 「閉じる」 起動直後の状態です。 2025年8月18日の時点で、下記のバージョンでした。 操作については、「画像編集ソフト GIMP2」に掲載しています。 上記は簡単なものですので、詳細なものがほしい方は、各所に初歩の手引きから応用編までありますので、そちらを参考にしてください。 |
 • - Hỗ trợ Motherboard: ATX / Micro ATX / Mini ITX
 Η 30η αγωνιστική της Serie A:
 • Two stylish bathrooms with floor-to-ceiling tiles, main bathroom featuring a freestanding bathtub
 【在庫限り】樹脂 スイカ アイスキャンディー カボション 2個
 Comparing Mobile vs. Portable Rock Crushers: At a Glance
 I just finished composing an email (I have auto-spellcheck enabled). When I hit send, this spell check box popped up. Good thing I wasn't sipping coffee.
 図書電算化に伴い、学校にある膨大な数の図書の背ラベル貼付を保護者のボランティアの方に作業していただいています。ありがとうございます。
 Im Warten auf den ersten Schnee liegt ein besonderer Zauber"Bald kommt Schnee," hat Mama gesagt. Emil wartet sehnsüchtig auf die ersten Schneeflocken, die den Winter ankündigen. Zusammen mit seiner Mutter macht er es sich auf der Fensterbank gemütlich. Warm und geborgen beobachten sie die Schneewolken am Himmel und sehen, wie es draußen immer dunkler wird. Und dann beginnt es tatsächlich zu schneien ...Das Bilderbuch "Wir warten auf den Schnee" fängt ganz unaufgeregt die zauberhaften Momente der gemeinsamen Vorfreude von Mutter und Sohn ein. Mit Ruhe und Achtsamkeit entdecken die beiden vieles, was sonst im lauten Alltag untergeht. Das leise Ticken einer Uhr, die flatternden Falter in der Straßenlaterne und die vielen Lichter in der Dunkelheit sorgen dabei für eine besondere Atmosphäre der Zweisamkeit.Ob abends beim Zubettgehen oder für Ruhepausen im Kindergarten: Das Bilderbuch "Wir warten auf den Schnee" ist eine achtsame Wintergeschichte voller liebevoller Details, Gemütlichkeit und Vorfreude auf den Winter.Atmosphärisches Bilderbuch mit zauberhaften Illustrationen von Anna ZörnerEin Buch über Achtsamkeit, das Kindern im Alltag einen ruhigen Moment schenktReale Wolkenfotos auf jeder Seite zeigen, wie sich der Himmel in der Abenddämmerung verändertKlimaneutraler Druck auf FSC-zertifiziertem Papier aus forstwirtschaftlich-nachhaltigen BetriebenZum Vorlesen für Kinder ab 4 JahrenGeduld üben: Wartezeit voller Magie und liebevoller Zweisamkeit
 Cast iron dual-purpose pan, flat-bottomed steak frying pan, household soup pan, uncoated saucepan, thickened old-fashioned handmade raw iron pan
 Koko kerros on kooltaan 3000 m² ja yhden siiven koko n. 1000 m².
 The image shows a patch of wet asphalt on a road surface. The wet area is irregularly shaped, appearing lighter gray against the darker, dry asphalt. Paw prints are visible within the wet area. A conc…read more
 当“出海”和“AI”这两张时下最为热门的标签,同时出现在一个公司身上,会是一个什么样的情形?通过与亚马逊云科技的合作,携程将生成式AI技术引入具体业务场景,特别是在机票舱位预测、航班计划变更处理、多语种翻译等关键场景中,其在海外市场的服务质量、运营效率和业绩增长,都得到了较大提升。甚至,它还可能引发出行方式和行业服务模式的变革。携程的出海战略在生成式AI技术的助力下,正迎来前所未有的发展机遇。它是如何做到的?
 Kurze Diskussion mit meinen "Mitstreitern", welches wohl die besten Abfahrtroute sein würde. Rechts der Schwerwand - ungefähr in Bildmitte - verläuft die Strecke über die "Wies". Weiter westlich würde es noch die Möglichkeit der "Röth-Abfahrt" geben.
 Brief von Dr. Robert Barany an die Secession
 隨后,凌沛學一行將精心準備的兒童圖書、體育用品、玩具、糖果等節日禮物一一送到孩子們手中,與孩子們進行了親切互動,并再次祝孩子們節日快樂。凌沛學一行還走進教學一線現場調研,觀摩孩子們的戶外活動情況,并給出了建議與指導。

*WORK TO COMPLETE:* An exact copy of all the records above is needed.

*EXERCISE OUTPUT:*
 「閉じる」 起動直後の状態です。 2025年8月18日の時点で、下記のバージョンでした。 操作については、「画像編集ソフト GIMP2」に掲載しています。 上記は簡単なものですので、詳細なものがほしい方は、各所に初歩の手引きから応用編までありますので、そちらを参考にしてください。 |
 • - Hỗ trợ Motherboard: ATX / Micro ATX / Mini ITX
 Η 30η αγωνιστική της Serie A:
 • Two stylish bathrooms with floor-to-ceiling tiles, main bathroom featuring a freestanding bathtub
 【在庫限り】樹脂 スイカ アイスキャンディー カボション 2個
 Comparing Mobile vs. Portable Rock Crushers: At a Glance
 I just finished composing an email (I have auto-spellcheck enabled). When I hit send, this spell check box popped up. Good thing I wasn't sipping coffee.
 図書電算化に伴い、学校にある膨大な数の図書の背ラベル貼付を保護者のボランティアの方に作業していただいています。ありがとうございます。
 Im Warten auf den ersten Schnee liegt ein besonderer Zauber"Bald kommt Schnee," hat Mama gesagt. Emil wartet sehnsüchtig auf die ersten Schneeflocken, die den Winter ankündigen. Zusammen mit seiner Mutter macht er es sich auf der Fensterbank gemütlich. Warm und geborgen beobachten sie die Schneewolken am Himmel und sehen, wie es draußen immer dunkler wird. Und dann beginnt es tatsächlich zu schneien ...Das Bilderbuch "Wir warten auf den Schnee" fängt ganz unaufgeregt die zauberhaften Momente der gemeinsamen Vorfreude von Mutter und Sohn ein. Mit Ruhe und Achtsamkeit entdecken die beiden vieles, was sonst im lauten Alltag untergeht. Das leise Ticken einer Uhr, die flatternden Falter in der Straßenlaterne und die vielen Lichter in der Dunkelheit sorgen dabei für eine besondere Atmosphäre der Zweisamkeit.Ob abends beim Zubettgehen oder für Ruhepausen im Kindergarten: Das Bilderbuch "Wir warten auf den Schnee" ist eine achtsame Wintergeschichte voller liebevoller Details, Gemütlichkeit und Vorfreude auf den Winter.Atmosphärisches Bilderbuch mit zauberhaften Illustrationen von Anna ZörnerEin Buch über Achtsamkeit, das Kindern im Alltag einen ruhigen Moment schenktReale Wolkenfotos auf jeder Seite zeigen, wie sich der Himmel in der Abenddämmerung verändertKlimaneutraler Druck auf FSC-zertifiziertem Papier aus forstwirtschaftlich-nachhaltigen BetriebenZum Vorlesen für Kinder ab 4 JahrenGeduld üben: Wartezeit voller Magie und liebevoller Zweisamkeit
 Cast iron dual-purpose pan, flat-bottomed steak frying pan, household soup pan, uncoated saucepan, thickened old-fashioned handmade raw iron pan
 Koko kerros on kooltaan 3000 m² ja yhden siiven koko n. 1000 m².
 The image shows a patch of wet asphalt on a road surface. The wet area is irregularly shaped, appearing lighter gray against the darker, dry asphalt. Paw prints are visible within the wet area. A conc…read more
 当“出海”和“AI”这两张时下最为热门的标签,同时出现在一个公司身上,会是一个什么样的情形?通过与亚马逊云科技的合作,携程将生成式AI技术引入具体业务场景,特别是在机票舱位预测、航班计划变更处理、多语种翻译等关键场景中,其在海外市场的服务质量、运营效率和业绩增长,都得到了较大提升。甚至,它还可能引发出行方式和行业服务模式的变革。携程的出海战略在生成式AI技术的助力下,正迎来前所未有的发展机遇。它是如何做到的?
 Kurze Diskussion mit meinen "Mitstreitern", welches wohl die besten Abfahrtroute sein würde. Rechts der Schwerwand - ungefähr in Bildmitte - verläuft die Strecke über die "Wies". Weiter westlich würde es noch die Möglichkeit der "Röth-Abfahrt" geben.
 Brief von Dr. Robert Barany an die Secession
 隨后,凌沛學一行將精心準備的兒童圖書、體育用品、玩具、糖果等節日禮物一一送到孩子們手中,與孩子們進行了親切互動,并再次祝孩子們節日快樂。凌沛學一行還走進教學一線現場調研,觀摩孩子們的戶外活動情況,并給出了建議與指導。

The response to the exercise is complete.